More about Mark. He'd obviously had a "good" education. he could hold forth on most issues. How many people do you know who could accuse the Course of "sophistry?" I wish I knew a few more. He was quite overweight and becoming more so. You get to a stage of weight gain where none of your clothes fit you, and you either can't afford new ones, or you don't want to buy them because it would be admitting defeat. So you look shabby. So you feel shabby. You don't look after yourself. You don't shave. You don't trim your hair. You don't eat well. You gain more weight. You don't exercise. Movement becomes more of an effort. Slowly your breathing becomes labored. Slowly your arteries are clogging. He smoked. Every ten minutes, no matter what the weather, he had to go outside and light up. He drank far too much coffee. It seems his whole life was broken into alternating ten-minute cycles of caffeine and nicotine. Yet somehow he always managed to convey an air of exiled nobility; not really a loser on a slow decline, but a great man with a great past and a future, taking temporary respite in the land of ordinary people.

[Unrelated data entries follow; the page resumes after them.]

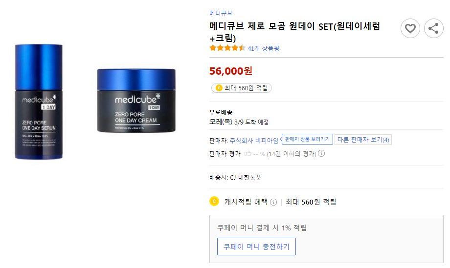 홈페이지에서 메디큐브 모공제로 세트를 보자마자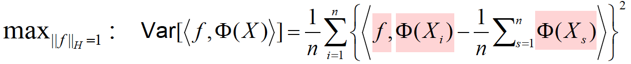 KPCA目标函数,是映射到新维度空间中对新基投影的方差寻找最大化:,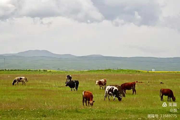牛羊成群悠闲自得的在草原上吃草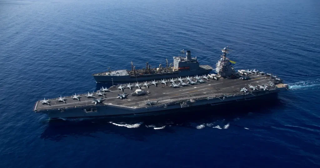 شاركها فيسبوك تويتر لينكدإن بينتيريست تيلقرام البريد الإلكتروني وصلت الحاملة النووية الأميركية جيرالد فورد إلى مياه أميركا اللاتينية، قرب فنزويلا، مزودة بمفاعلين نوويين و90 طائرة وطائرات مسيرة، ونظام رادار متطور، مع قدرة على تنفيذ 270 طلعة يوميًا، ما يجعلها محور أي تصعيد محتمل.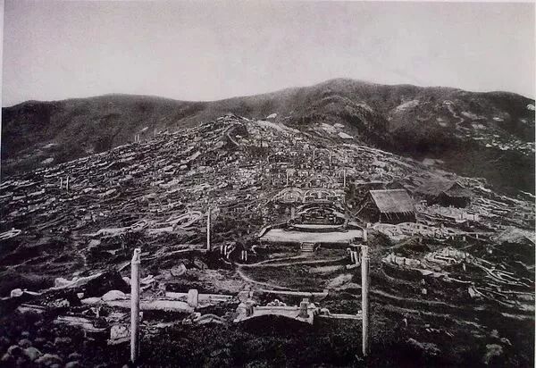 广东省 广州北部的无数墓地,南侧可见村庄,平原和西江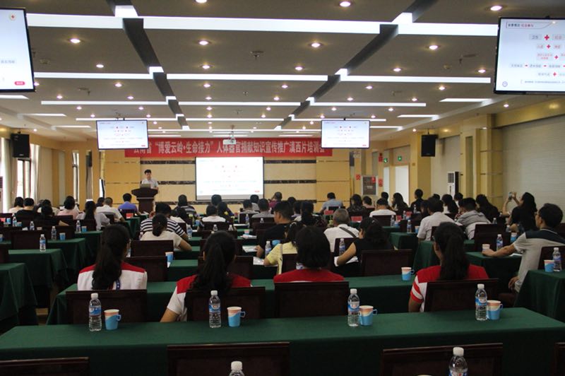 为进一步推进我省人体器官捐献工作健康有序发展,2018年6月22日,以“博爱云岭 生命接力”为主题的云南省人体器官捐献知识宣传推广培训班在德宏瑞丽举办。本次培训由云南省红十字会、云南省卫生和计划生育委员会主办,云南省第一人民医院、昆明市延安医院和德宏州红十字会承办。来自德宏州、保山市及所辖县(市、区)红十字会、卫计委(局)分管领导,德宏州、保山市及所辖县(市、区)人民医院领导、业务科室专家等130余人参加培训。中国人体器官捐献管理中心副主任侯峰忠,云南省红十字会副会长潘晓玲,云南省卫生和计划生育委员会医政医管处副调研员唐明波,昆明市延安医院副院长谷欣等参加开班仪式。
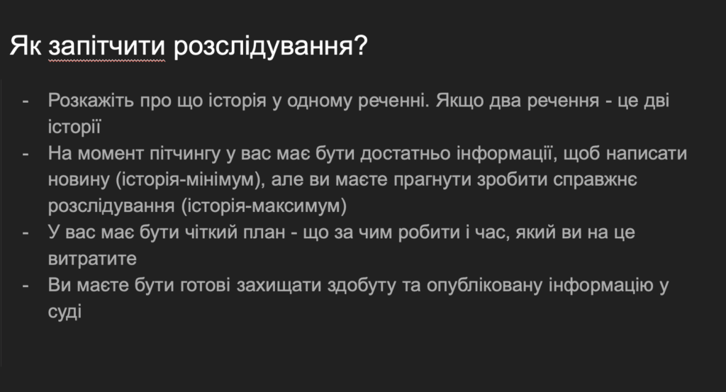 Анна радить чітко формулювати ідею розслідування: «Історія, яку ми розповідаємо, має бути розказана в одному реченні. Якщо два речення — це дві історії».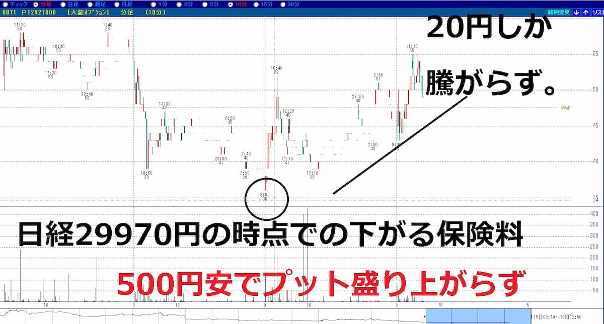 図はプットオプション12月限27,000円のチャートです。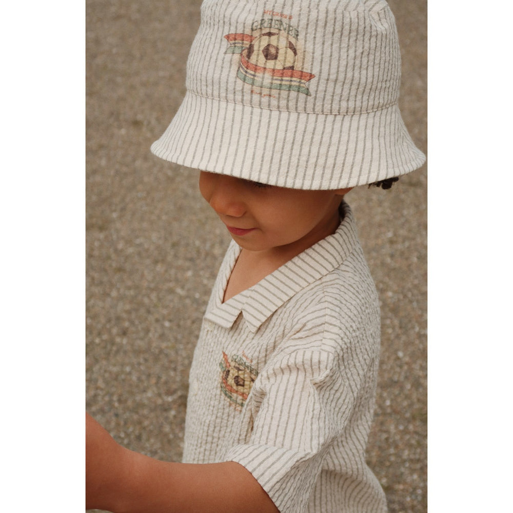 Delight your little one with the Konges Sløjd Stripe Bluie Elliot SS Shirt, crafted from 98% organic cotton and 2% elastane for ultimate softness and stretch. This short-sleeved seersucker shirt boasts charming stripes and utmost comfort. Certified organic by GOTS, its durability meets style, promising easy care and a delightful fit for every child's adventure.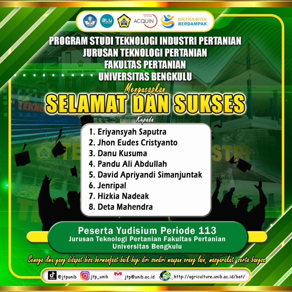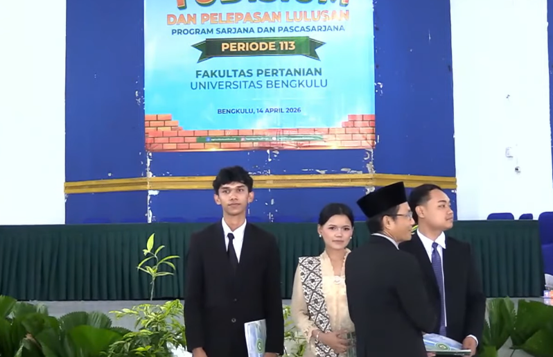 Yudisium of the Faculty of Agriculture, University of Bengkulu Period 113 was held at Building C, University of Bengkulu on Tuesday, April 14, 2026. The Yudisium of the Faculty of Agriculture Period 113 graduated 102 people, of which the number of participants from the Agricultural Industrial Technology Study Program was 8 people. The average GPA of graduates of the Agricultural Industrial Technology Study Program is 3.11. On the same occasion, the announcement of the winners of the Faculty of Agriculture Thesis Competition was also held in the context of the 113th Yudisium. One of the participants of the Yudisium from the Agricultural Industrial Technology Study Program, Eriyansyah Saputra, won 3rd place in the event.

How do you feel about Mark so far? Have you judged him yet? Something in me made me keep a flame of hope alight for him. I wanted to see him through these difficult times...
But I see now that was predicated on the assumption these times would end someday...

I will post more of this story in a few days.

1 Comments:

Anonymous Anonymous said...

One person's exiled nobility is another person's insufferable blowhard.

I don't know if this is a set-up or not (no offense, but I've come to expect that from you, dear Derek), but I do understand what it means to take a liking to someone who is not an obvious choice for a friend.

Anyway, good to have you back. And to give you the cliche you are after: Are we not all exiled nobility?